My first major step towards accepting the grace of God was learning to forgive myself. Though I had trouble bringing my sin into the open at first, it became easier as the years went on. Even as people began to acknowledge and forgive me, I couldn’t bring myself to forgive my own actions. I created this vicious cycle that made me continue to sin, repent, tell others, feel good for a little bit, and sin again. It was like I was in the middle of this staring contest against grace, and I couldn’t stop blinking.
The cycle continued for months and even years, but it didn’t click in my head until I was on break from working at Canyon Creek Cabinet Company back in November of 2013. I’d sit in my car on my fifteen-minute break and try my best to go through the Word as the rain gushed out of the sky. The pitter-patter of rain on my windshield was oddly calming and not as distracting as I thought. I was cold, but I didn’t care, I had my Bible in hand, trying to read as fast as I could before my break was over when I came across chapter eleven of Matthew. “Come to Me, all you who are weary and burdened, and I will give you rest. Take My yoke upon you and learn from Me, for I am gentle and humble in heart, and you will find rest for your souls. For my yoke is easy and my burden is light." (Matt. 11:28-30 NIV). I was stunned. I felt like there was a sort of weight on my chest. Not a bad weight, it wasn’t anxiety; it was warming, comforting. It felt like I was under a weighted blanket. Though I couldn’t move, I didn’t mind because I was meditating on the love that I knew God has for me; that He loves me so much that He was willing to take the pain of my past mistakes.
There’s something beautiful about surrendering; the act of receiving help, especially when you know you don’t deserve it. Like myself, the issue that some Christians have, is that they’ll walk with Jesus, but they won’t move the burdens of their lives to His side. I’ve made sad attempts in the past to move forward when I have that line of thinking. It took time and prayer, but I ran from that mindset and embraced the fact that Jesus wants to help me move towards righteousness. We will inevitably buckle and fall; that is our current nature. But Jesus, in all His goodness, will always ask us if we are ready to shift the weight to His side.
This isn’t limited to single moments for me. Jesus has helped me with everything that I’ve brought to Him. It definitely isn’t limited to the addictions or my struggles with depression and anxiety.
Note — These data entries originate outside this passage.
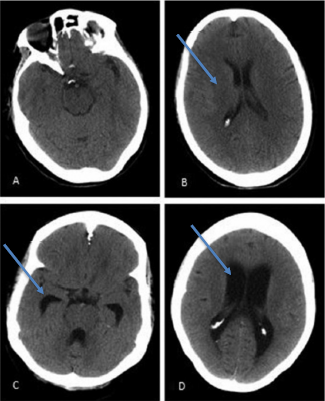 Figure 1: A and B: CT Scan of 71-year old female presenting with normal cognitive function with normal ventricular size whereas C and D are a CT scan of that of a 68-year old female with NPH with visible enlarged ventricles [14].
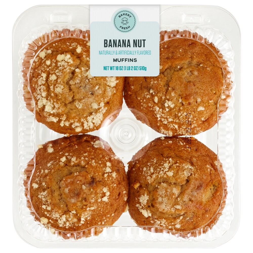 14-ounce package of 4 banana nut muffins. Naturally and artificially flavored. Kosher Dairy Certified. Contains wheat, milk, eggs, and walnuts. May contain soy and other tree nuts. Our Fresh brand products are all about high-quality food that fits every budget, every day.
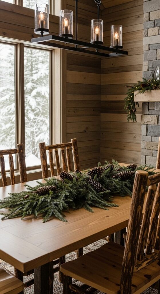A wooden table stretches across the room, laden with fresh pine boughs that spill over the edges like a forest floor.
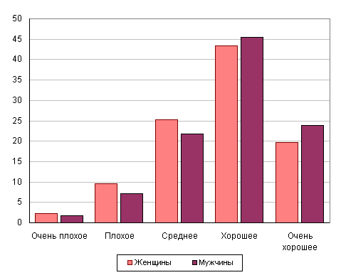 здоровье - 12% против 9% мужчин, и реже о хорошем - 63% против 69%
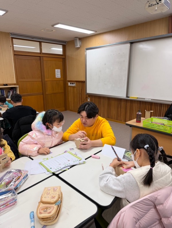 이론 수업 후에는 ‘우유팩 저금통 만들기’ 활동을 진행하였습니다. 교구를 활용해 아이들과 함께 저금통을 만든 뒤, 각자가 원하는 방식으로 저금통을 꾸미며 저축을 실천할 수 있도록 유도하며 수업을 마무리하였습니다.
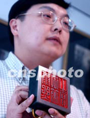 一尊清朝康熙皇帝的極品交龍紐碧玉璽“康熙御筆之寶”從海外回流,六月二十五日在北京亮相,將參加因抗擊非典推遲到七月中旬舉行的華辰春季拍賣。此璽可能在“八國(guó)聯(lián)軍”侵華時(shí)被掠出清宮,歷盡滄桑,因而今朝難以估價(jià)。中新社記者:賈國(guó)榮
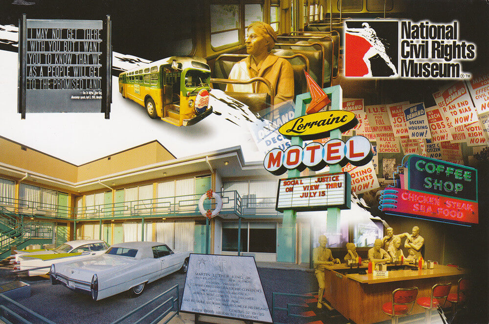 Postcard featuring iconic images and paraphernalia from the civil rights movement, sold at the National Civil Rights Museum, Lorraine Motel, Memphis, Tennessee, March 31, 2013. Photograph of postcard courtesy of Erick Alvarado. © Erick Alvarado, 2013.
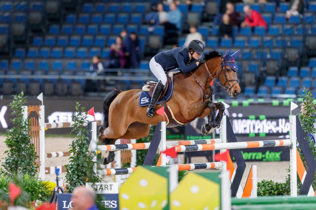 Killer Queen, OS, geb. 2012, v. Chacco Lover a.d. Caroulonia v. Toulon, Z.: Gestüt Lewitz, B.: Elisha Simmons, Großbritannien, überzeugte unter dem Belgier Jérôme Guery auf dem Silberrang sowie auf Platz fünf in 1,45 m-Springprüfungen.
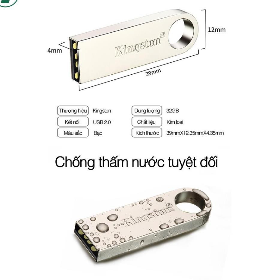 Usb Kingston SE9 2.0 64GB/32GB/16GB/8GB/4GB thiết kế nhỏ gọn, chống nước, vỏ kim loạiTHÔNG TIN CHI TIẾT:
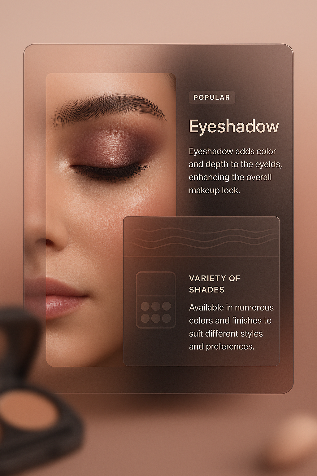 /Collection: /by davooda/Type: PNG/A stylish 3D illustration showcasing eyeshadow application, featuring a translucent overlay with informative text and icons. The gradient background enhances the visual appeal.
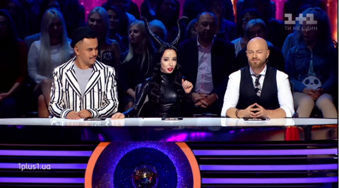 Выпуск решили посвятить известным кинообразам. Причем подготовились и ведущие. Балерина, и самая строгая из судей, Екатерина Кухар воплотилась в Малифисенту, облачившись в яркий наряд.
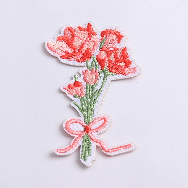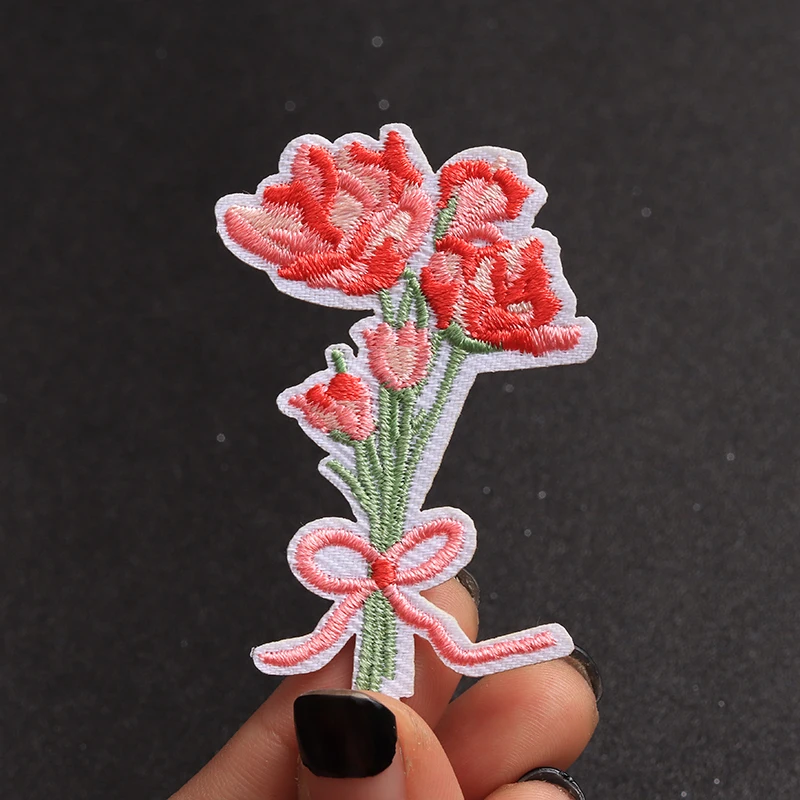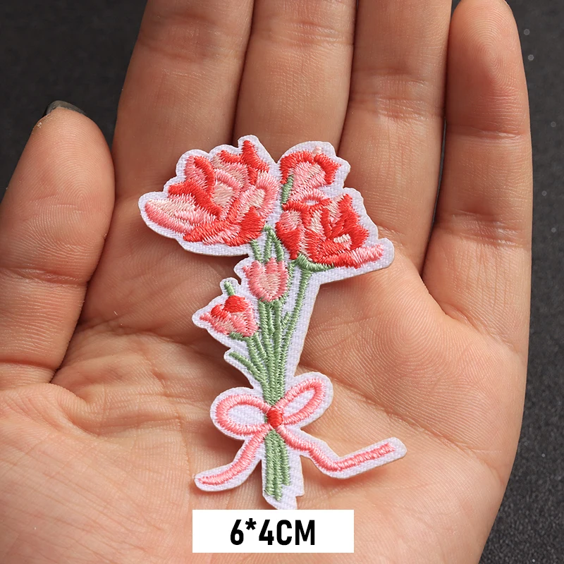 This exquisite flower bouquet embroidered patch measures 6 cm by 4 cm and is designed to enhance any textile with its stunning and cheerful aesthetic. Crafted from durable non-woven fabric, this patch showcases a meticulously detailed embroidery technique that creates a captivating 3D effect. The lush bouquet features vibrant shades of red and pink flowers, delicately intertwined with green stems and leaves, complemented by a charming pink ribbon that adds a touch of elegance. Its eco-friendly materials make this piece both beautiful and responsible, perfect for your DIY projects or as an eye-catching accessory on your favorite clothing items.
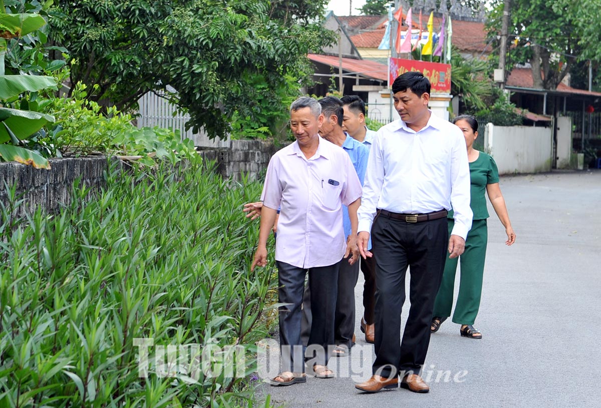 Đồng chí Dương Chí Thành (ngoài cùng bên phải), Bí thư Đảng ủy xã Sơn Nam (Sơn Dương) là cán bộ luân chuyển từ xã Ninh Lai, kiểm tra tiến độ xây dựng nông thôn mới nâng cao thôn Thác Nóng.
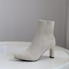 2025 Mode Damenstiefel Beige Spitzschuh Garn Elastische Stiefeletten Dicke Absätze Schuhe Herbst Winter Weibliche Sockenstiefel
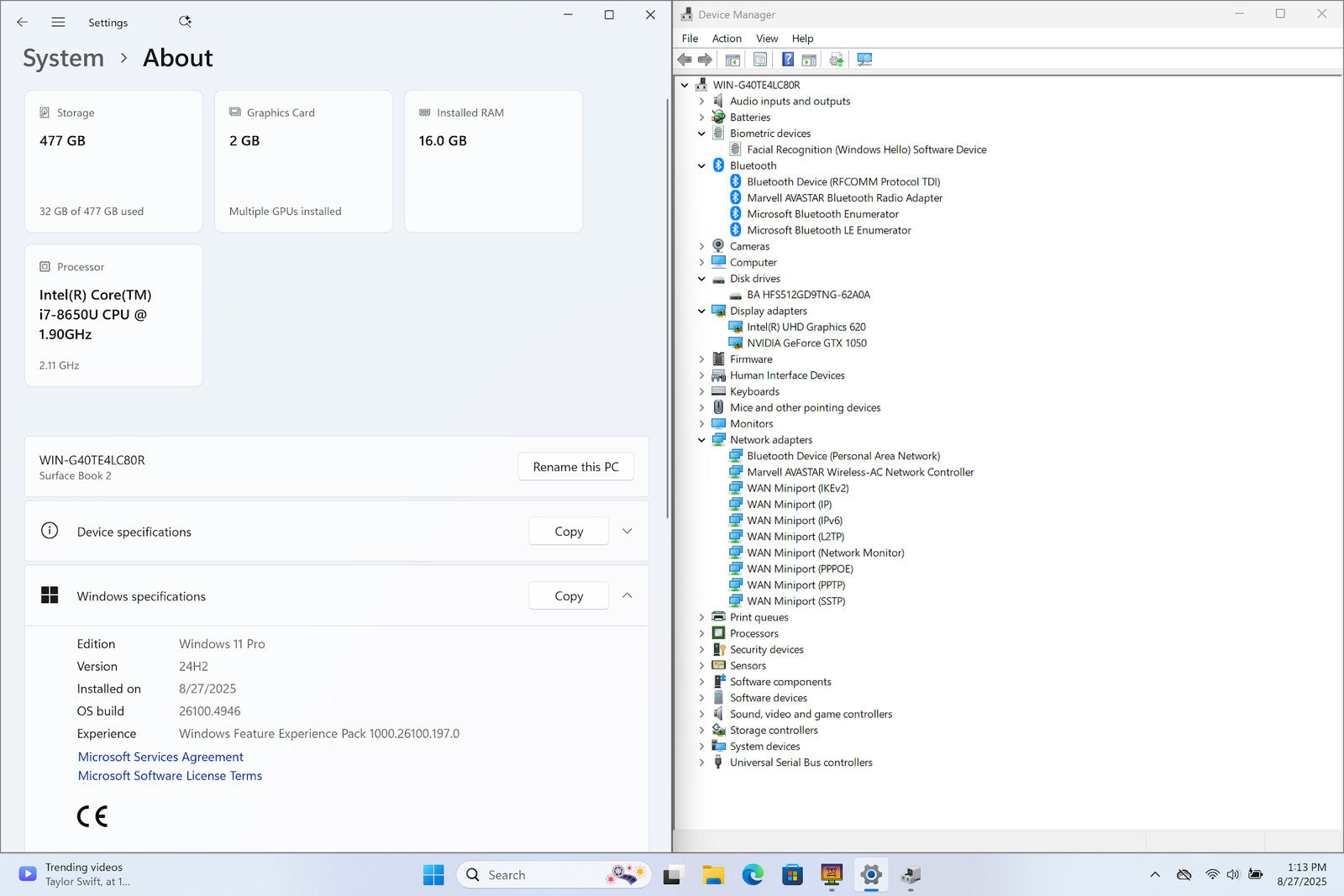 MICROSOFT Surface Book 2 13" 3000 x 2000 I7-8650U 512GB SSD 16GB W11P GTX 1050
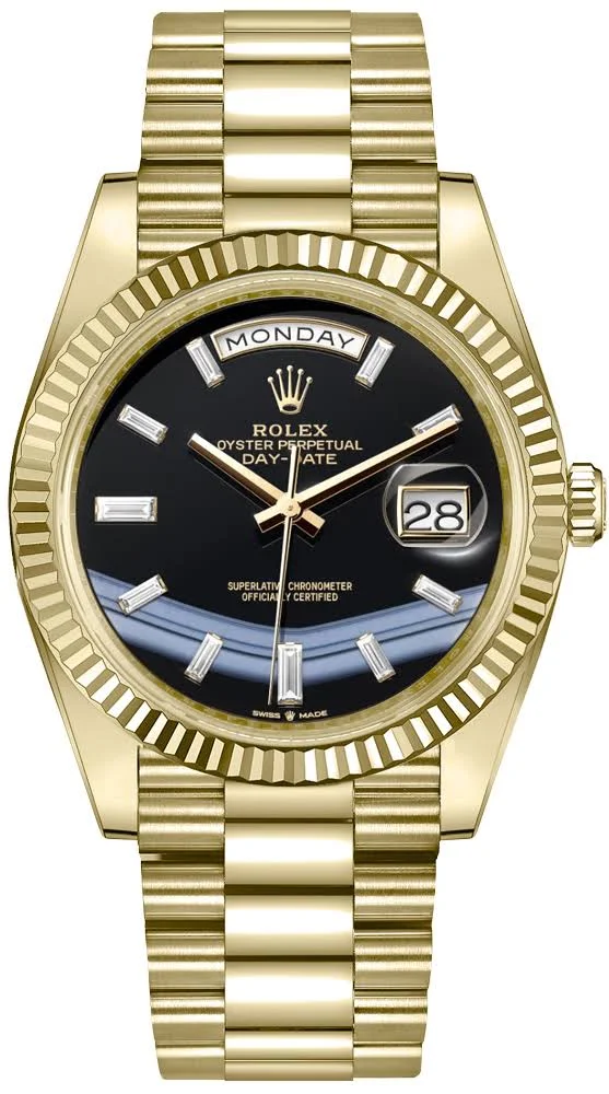 ### Rolex Day-Date 40 Onyx Dial Baguette Diamonds Men’s Watch 228238-0059 – A prestigious Swiss-made luxury men’s watch from Rolex’s iconic Day-Date 40 collection, featuring a 40 mm 18 kt yellow gold case, deep onyx dial with 10 baguette-cut diamond hour markers, automatic Calibre 3255 movement, and a president bracelet — combining timeless elegance with top-tier precision and craftsmanship.

Jesus has come into all aspects of my life, all burdens, and He has never failed to assist me with them. And that speaks about who He is, a God who loves His children and wants to assist us in all things. From moments that I have cried alone in my car because my depression was causing my brain to shake violently, to nights lying alone in bed wanting to die, God has come alongside me and brought immense comfort. It’s like receiving a bear hug from someone that you know would do anything for you.